▶ [Data for analysis]
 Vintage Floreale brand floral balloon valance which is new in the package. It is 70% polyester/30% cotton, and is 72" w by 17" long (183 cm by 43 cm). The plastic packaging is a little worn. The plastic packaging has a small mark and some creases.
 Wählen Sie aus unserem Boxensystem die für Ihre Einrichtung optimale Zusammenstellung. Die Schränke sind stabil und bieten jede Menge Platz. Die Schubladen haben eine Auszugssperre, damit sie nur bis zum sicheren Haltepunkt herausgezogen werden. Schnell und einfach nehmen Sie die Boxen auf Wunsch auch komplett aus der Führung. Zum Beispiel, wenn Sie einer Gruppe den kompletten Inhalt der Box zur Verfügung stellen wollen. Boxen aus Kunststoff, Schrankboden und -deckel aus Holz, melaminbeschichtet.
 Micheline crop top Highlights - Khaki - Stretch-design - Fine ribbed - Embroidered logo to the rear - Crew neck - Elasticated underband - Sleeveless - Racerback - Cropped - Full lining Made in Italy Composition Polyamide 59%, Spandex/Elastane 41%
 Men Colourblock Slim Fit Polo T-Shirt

==

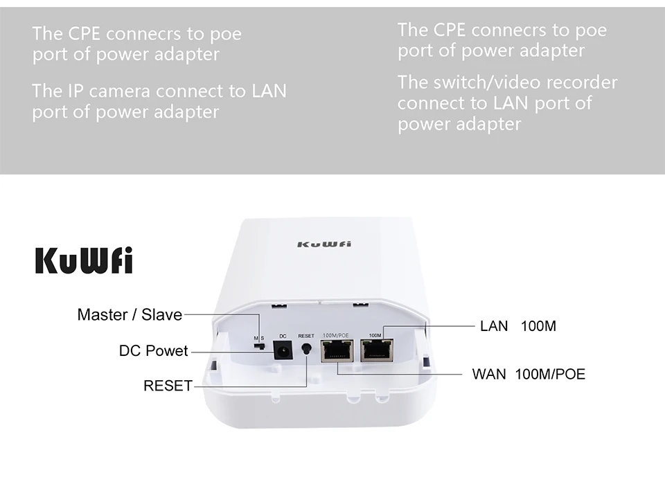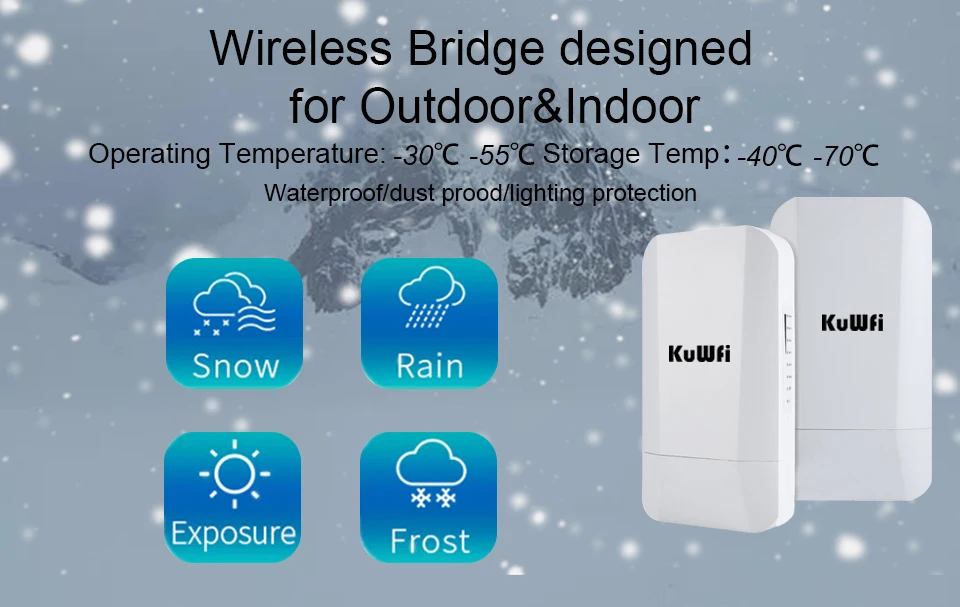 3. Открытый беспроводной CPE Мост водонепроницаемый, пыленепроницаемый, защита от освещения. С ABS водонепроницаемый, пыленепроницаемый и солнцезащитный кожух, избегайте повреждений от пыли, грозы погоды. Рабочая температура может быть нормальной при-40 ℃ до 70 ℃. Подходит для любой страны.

▶ [Required work] Please return the lines above that run from the line containing "Wählen Sie aus" to the line containing "Men Colourblock Slim Fit Polo T-Shirt", inclusive, exactly and with no other lines.

▶ [Result below]
 Wählen Sie aus unserem Boxensystem die für Ihre Einrichtung optimale Zusammenstellung. Die Schränke sind stabil und bieten jede Menge Platz. Die Schubladen haben eine Auszugssperre, damit sie nur bis zum sicheren Haltepunkt herausgezogen werden. Schnell und einfach nehmen Sie die Boxen auf Wunsch auch komplett aus der Führung. Zum Beispiel, wenn Sie einer Gruppe den kompletten Inhalt der Box zur Verfügung stellen wollen. Boxen aus Kunststoff, Schrankboden und -deckel aus Holz, melaminbeschichtet.
 Micheline crop top Highlights - Khaki - Stretch-design - Fine ribbed - Embroidered logo to the rear - Crew neck - Elasticated underband - Sleeveless - Racerback - Cropped - Full lining Made in Italy Composition Polyamide 59%, Spandex/Elastane 41%
 Men Colourblock Slim Fit Polo T-Shirt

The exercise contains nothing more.